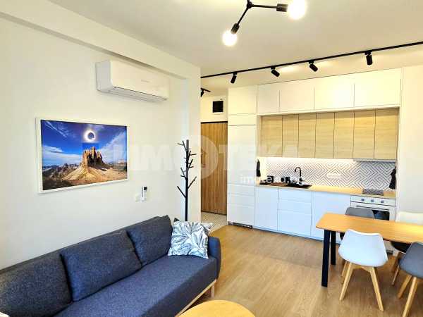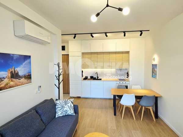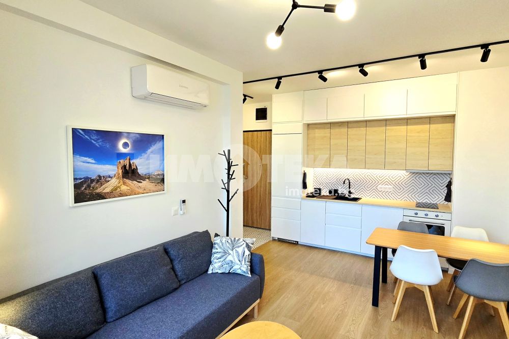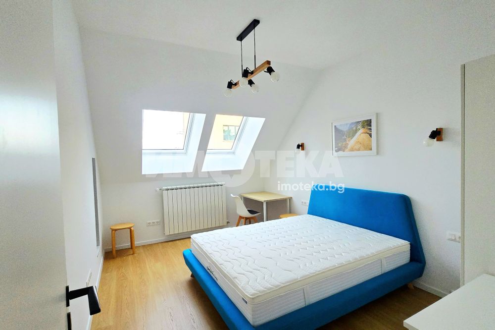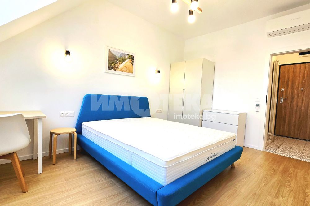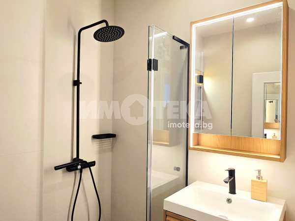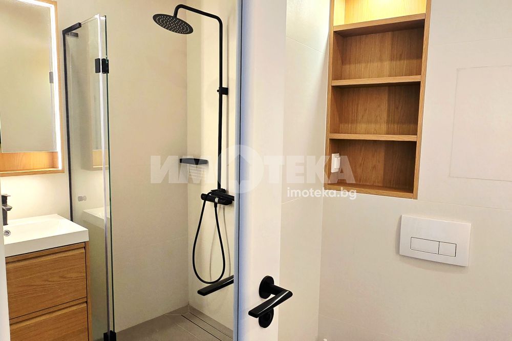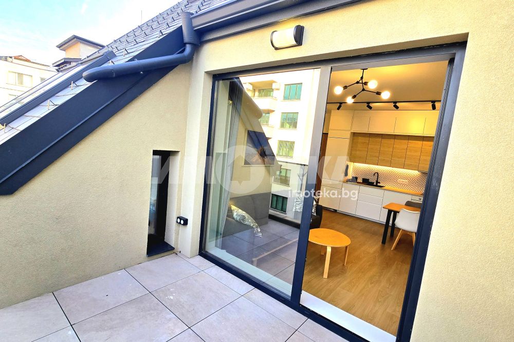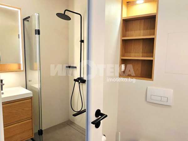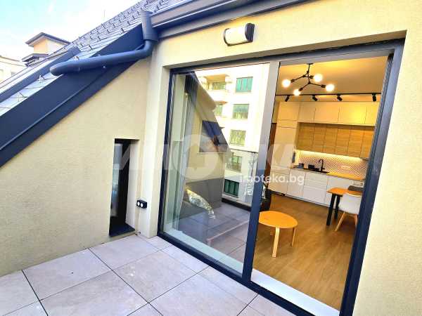 Двустаен апартамент в кв."Лозенец". Напълно завършен и оборудван. Състои се от: входно антре, дневна с трапезария и кухня, спалня, баня с тоалетна и тераса с гледка към зелените площи. Кухня оборудвана с вградени електроуреди: фурна, индукционен котлон, аспиратор, пералня със сушилня, миялна машина, хладилник. Баня с бойлер с WiFi връзка
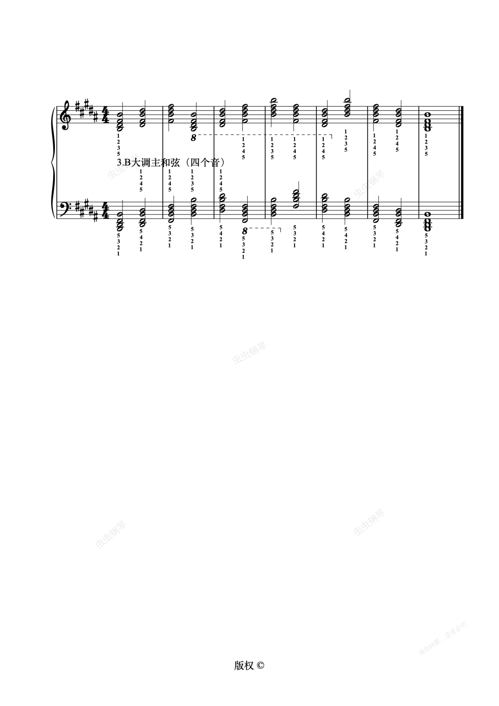 钢琴谱:19-4-3.B大调主和弦(四个音)
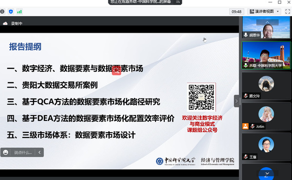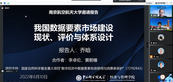 6月10日,中国科学院大学必赢3003no1线路检测中心教授乔晗应必赢3003no1线路检测中心人力资源管理研究所和江苏省人力资源发展研究基地的邀请,在线上(腾讯会议地址:996560802)为必赢官网师生作了题为“我国数据要素市场建设现状、评价与体系设计”的精彩学术报告。本次报告由教授胡恩华主持,教师李媛、何昌清、蔡静雯以及博士生和硕士生参加了此次学术报告活动。
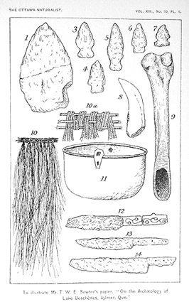 (originally published in 1900, The Ottawa Naturalist, Vol. XIII, No. 10: 225-238) By T. W. Edwin Sowter To those who are unacquainted with local topography it may be said that Lake Deschênes is an expansion of the Ottawa River, extending from the Chats Falls, in a south-easterly direction, as far as Deschênes Rapids, a distance of about thirty miles, and averaging from less than one to upwards of three miles in width. This beautiful expanse of water was known to the old "voyageurs" as "Lac Chaudière," and was so designated at a time as com-paratively recent as that in which the late John Egan was mayor of Aylmer, as there is an old by-law, bearing his signature, in the municipal archives, in which the westerly limit of the Aylmer Road is described as Chaudière Lake. A similar confusion of place-names, in this connection, is a source of annoyance to the student of natural or ethnic history in dealing with matters of local reference. For instance : Chats Island is now known to many as Moore’s Island ; Pointe à la Bataille has become Lapottie's Point, and Pointe aux Pins, the site of the Queen's Park, is known to summer visitors as One-tree Point. It seems a pity that names given to these places by the pioneers of civilization should be thus lightly set aside for the prosaic nomenclature of modern times. As already noted in THE NATURALIST, the evidences of Indian occupation of the shores of Lake Deschênes are of frequent occur-rence and of extreme interest to the archeologist. These consist, for the most part, of what may be termed beach workshops, or certain portions of the lake shore where the primitive workman page 225
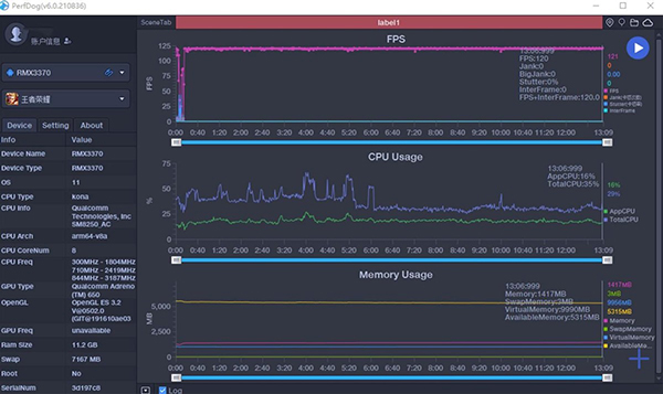 在開啟王者榮耀極高幀率(120幀)+超高分辨率+高清畫質(zhì)的設(shè)定下,我們開始了游戲,并通過PerfDog幀率測試軟件對realme真我GT Neo2的游戲幀率進行了測試。
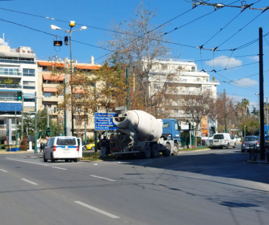 Το τροχαίο έγινε στη συμβολή της οδού Πατησίων με τη λεωφόρο Αλεξάνδρας, όταν διερχόμενο μηχανάκι συγκρούστηκε μπετονιέρα.

+++

## [DIRECTIONS FOR THIS TASK]
Would you please output only the lines from the start of the material above up to and including the line with "6月10日,中国科学院大学必", exactly as they appear and without pictures?

## [WRITTEN REPLY]
 Двустаен апартамент в кв."Лозенец". Напълно завършен и оборудван. Състои се от: входно антре, дневна с трапезария и кухня, спалня, баня с тоалетна и тераса с гледка към зелените площи. Кухня оборудвана с вградени електроуреди: фурна, индукционен котлон, аспиратор, пералня със сушилня, миялна машина, хладилник. Баня с бойлер с WiFi връзка
 钢琴谱:19-4-3.B大调主和弦(四个音)
 6月10日,中国科学院大学必赢3003no1线路检测中心教授乔晗应必赢3003no1线路检测中心人力资源管理研究所和江苏省人力资源发展研究基地的邀请,在线上(腾讯会议地址:996560802)为必赢官网师生作了题为“我国数据要素市场建设现状、评价与体系设计”的精彩学术报告。本次报告由教授胡恩华主持,教师李媛、何昌清、蔡静雯以及博士生和硕士生参加了此次学术报告活动。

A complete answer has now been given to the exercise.